COMPLEX ASSOCIATED INJURIES: FEMORAL NECK AND SHAFT FRACTURES
Closed reduction of a posterior hip dislocation can be severely complicated by the presence of an ipsilateral femoral neck or femoral shaft fracture.
🚨 Surgical Warning: The Ipsilateral Femoral Neck Fracture
An anteroposterior (AP) view of the pelvis must be obtained and reviewed before any reduction attempt. Attempts at closed reduction of a posterior hip dislocation with an associated femoral neck fracture may result in catastrophic displacement or further displacement of the femoral neck fracture, leading to irreversible injury to the retinacular vessels supplying the femoral head.
- Management of Dislocation with Neck Fracture: Physiologically older patients with this combined injury should be treated directly with arthroplasty. Younger patients should be treated with open reduction of the femoral neck fracture (if displaced), rigid fixation, and then reduction of the hip dislocation. We do not attempt closed reduction of dislocated hips with associated femoral neck fractures unless the neck fracture is strictly nondisplaced and can be provisionally stabilized with percutaneous guidewires prior to the reduction maneuver.

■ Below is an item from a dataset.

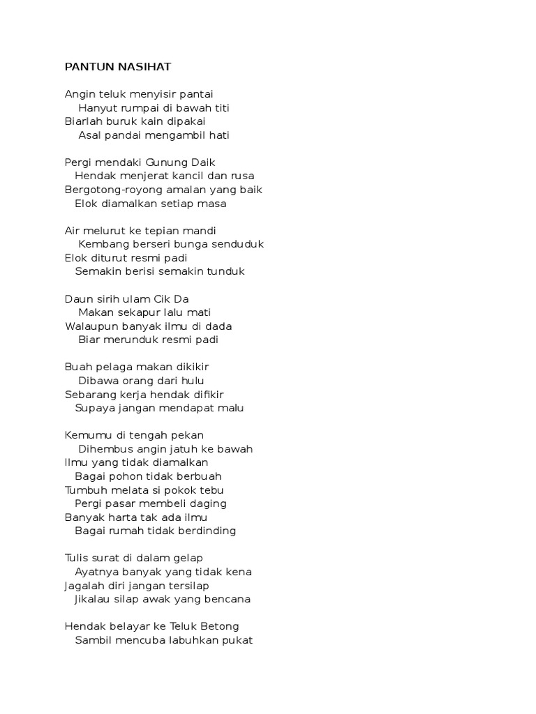 Kumpulan koleksi contoh pantun nasehat orang tua anak anak belajar pendidikan agama pantun nasehat orang tua adalah pantun yang isinya merupakan nasehat nasehat atau wejangan dari orang tua yang biasanya ditujukan untuk anak anaknya. Pantun nasehat dapat berisi tentang tuntunan kebaikan untuk anak agar kelak menjadi pribadi yang lebih baik.

- Management of Dislocation with Shaft Fracture: Dislocated hips with ipsilateral femoral shaft fractures are treated differently. An attempt at closed reduction should be made. However, the lack of a continuous lever arm makes this difficult. If difficulty is encountered, the patient is taken emergently to the operating room. A 5.0-mm Schanz pin is inserted into the proximal aspect of the femoral shaft (proximal to the fracture) to act as a "joystick" to aid in the reduction of the hip joint, followed by standard intramedullary nailing of the shaft.
POSTOPERATIVE CARE AND REHABILITATION PROTOCOLS
The postoperative rehabilitation protocol must be tailored to whether the injury was a pure dislocation or a fracture-dislocation.
Pure Hip Dislocations
After the successful reduction of pure hip dislocations (without associated fractures), weight-bearing is generally allowed as tolerated (WBAT) on crutches, with progression as pain allows. Patients with posterior hip dislocations are strictly instructed in posterior hip precautions (avoiding hip flexion past 90 degrees, adduction across the midline, and internal rotation) and must follow these for at least 6 weeks to allow capsular healing. Patients are followed closely with serial radiographs for the first 2 years, because if osteonecrosis is going to develop, it likely will present within this critical time frame.

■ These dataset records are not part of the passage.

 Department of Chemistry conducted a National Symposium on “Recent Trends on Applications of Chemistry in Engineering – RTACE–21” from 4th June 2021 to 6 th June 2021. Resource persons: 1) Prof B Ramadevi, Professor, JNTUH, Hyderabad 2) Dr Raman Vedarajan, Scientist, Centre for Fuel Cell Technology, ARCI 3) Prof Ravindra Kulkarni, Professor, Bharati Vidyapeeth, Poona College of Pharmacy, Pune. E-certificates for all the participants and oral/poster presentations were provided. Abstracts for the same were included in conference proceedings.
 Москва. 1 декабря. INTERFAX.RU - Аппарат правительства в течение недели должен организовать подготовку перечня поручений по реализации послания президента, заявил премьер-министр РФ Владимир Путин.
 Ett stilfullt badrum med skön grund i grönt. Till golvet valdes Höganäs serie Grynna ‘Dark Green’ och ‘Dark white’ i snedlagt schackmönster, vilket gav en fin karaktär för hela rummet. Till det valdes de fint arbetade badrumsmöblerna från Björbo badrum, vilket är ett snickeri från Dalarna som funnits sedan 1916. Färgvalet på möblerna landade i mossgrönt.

Hip Dislocations with Femoral Head (Pipkin) Fractures
Hip dislocations with associated femoral head fractures that undergo internal fixation are managed with touch-down weight bearing (TDWB) for 12 weeks to protect the articular cartilage repair and hardware.
* Exception: A patient who undergoes isolated femoral head fragment excision (without fixation) is allowed to bear weight as tolerated (WBAT) on crutches immediately.
* Precautions: All patients are instructed on strict hip precautions based on the surgical approach used (anterior vs. posterior) and are told to follow these for at least the first 6 weeks after surgery to prevent recurrent instability. Routine clinical and radiographic surveillance for AVN and post-traumatic arthritis remains mandatory for a minimum of 24 months.